You can see the rationale behind the trust's extraordinary announcement. One can't, however, commend their tactics. In a small town like St Ives, publicly announcing HIV cases and, moreover, effectively blaming one man for spreading it seems utterly reckless. The way they announced it inevitably makes it sound like nearly a dozen cases; in reality, it may be no more than three. Even if the trust weren't prepared to identify him publicly, it seems extremely likely that St Ives itself will by now have worked it out. The lives of those with HIV are not easy, and they shouldn't be made more difficult still by a healthcare trust dropping heavy hints in this way.

There must, surely, be a more tactful way of uncovering undiagnosed cases of HIV in a community. Advice from a STD clinic, or the local GP, would seem a better way than holding a press conference and alarming everyone. In any case, if you suspected that you might have HIV, would you not think twice about being tested by a trust which so cheerfully dropped hints about your medical status?

It is hard not to think of this as part of a general tendency to reintroduce the notion of culpability into the HIV debate. The implication of the St Ives conference was rather that there was one man at fault, and people ought to watch out for the others. If there was any reiteration of the sensible healthcare message that HIV is extremely difficult to contract through sex if condoms are involved, it didn't go reported.

Similarly, the criminalisation of HIV transmission, largely invoked, it seems, against immigrants both legal and illegal in an attempt to discourage "health tourism", shifts the emphasis away from responsibility and towards culpability. Anyone who gets on a motorbike without putting a helmet on is acting recklessly. Someone who has condomless sex without knowing the HIV status of their partner is, on the other hand, encouraged to think in terms of culpability. It is not at all helpful.

A trust clearly has a duty towards people at risk of HIV infection, but I wonder whether this duty is best served by alerting people to a specific risk. The risk, in reality, is universal, as present in Truro or anywhere as in St Ives. There is, too, the point that in drawing attention to such cases in so small a community, the trust has come very near to breaking another duty, that of confidentiality. That is just as important.

So much for European values

Alarm has been raised by the appointment of an extremist pig-farmer, Andrzej Lepper, left, as Deputy Prime Minister of Poland. Among his exotic opinions are that "the most dangerous nation for the Poles is the Jewish nation"; on his CV are several arrests for violence during anti-EU protests.

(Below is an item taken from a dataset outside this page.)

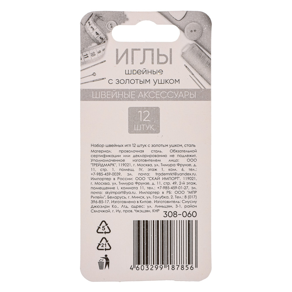 - Набор швейных игл 12шт с золотым ушком, сталь 308-060

Nothing unusual in Poland these days. "Pro-family" groups have been organising protests, sometimes of stone-throwing violence, against gay rights demonstrations. Kazimierz Marcinkiewicz, the Prime Minister, is reported as saying, "If a person tries to infect another with homosexuality, the state must intervene in this violation of freedom."

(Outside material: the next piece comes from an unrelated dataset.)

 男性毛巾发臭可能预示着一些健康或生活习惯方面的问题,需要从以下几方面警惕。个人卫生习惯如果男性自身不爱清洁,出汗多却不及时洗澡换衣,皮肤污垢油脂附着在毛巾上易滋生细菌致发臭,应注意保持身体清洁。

Membership of the EU entails signing up to certain human rights commitments involving equality. If national governments won't intervene to protect minorities, we are entitled to ask what the EU is doing to enforce these necessary freedoms.

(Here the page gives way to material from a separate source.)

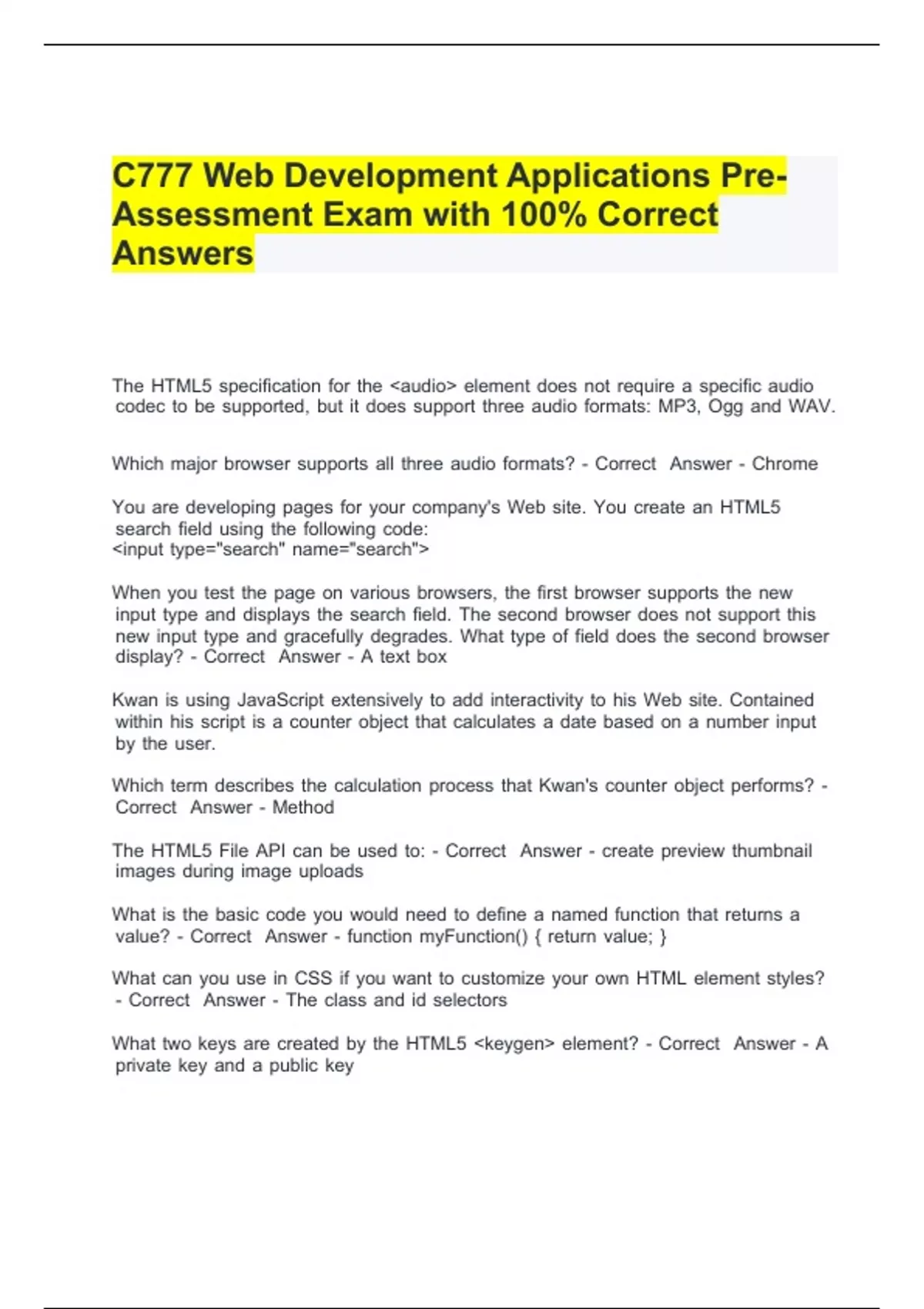 C777 Web Development Applications Pre-Assessment Exam with 100% Correct Answers.

* The amusing aspect of the story about Charlie Stopford, the American who for years passed himself off as the Earl of Buckingham, is that he apparently sought to make himself less conspicuous in this Day-of-the-Jackal-type scam by assuming an earldom.

Mysteriously, it worked for years: nobody who met him, even his wife, thought to pick up a copy of the Peerage and find out that there was no such person. But how extraordinary that, even in America, there are people who still think an earldom makes any difference at all.

The temptation to pass himself off as a descendant of James I's boyfriend seemed to outweigh the massive increase in risk. Even though no sane person gives such matters any credence any more, it seems tragically likely that, for centuries to come, there will still be people insisting on their titles, real or invented; there will still be people prepared to bow to something which always resided only in the imagination.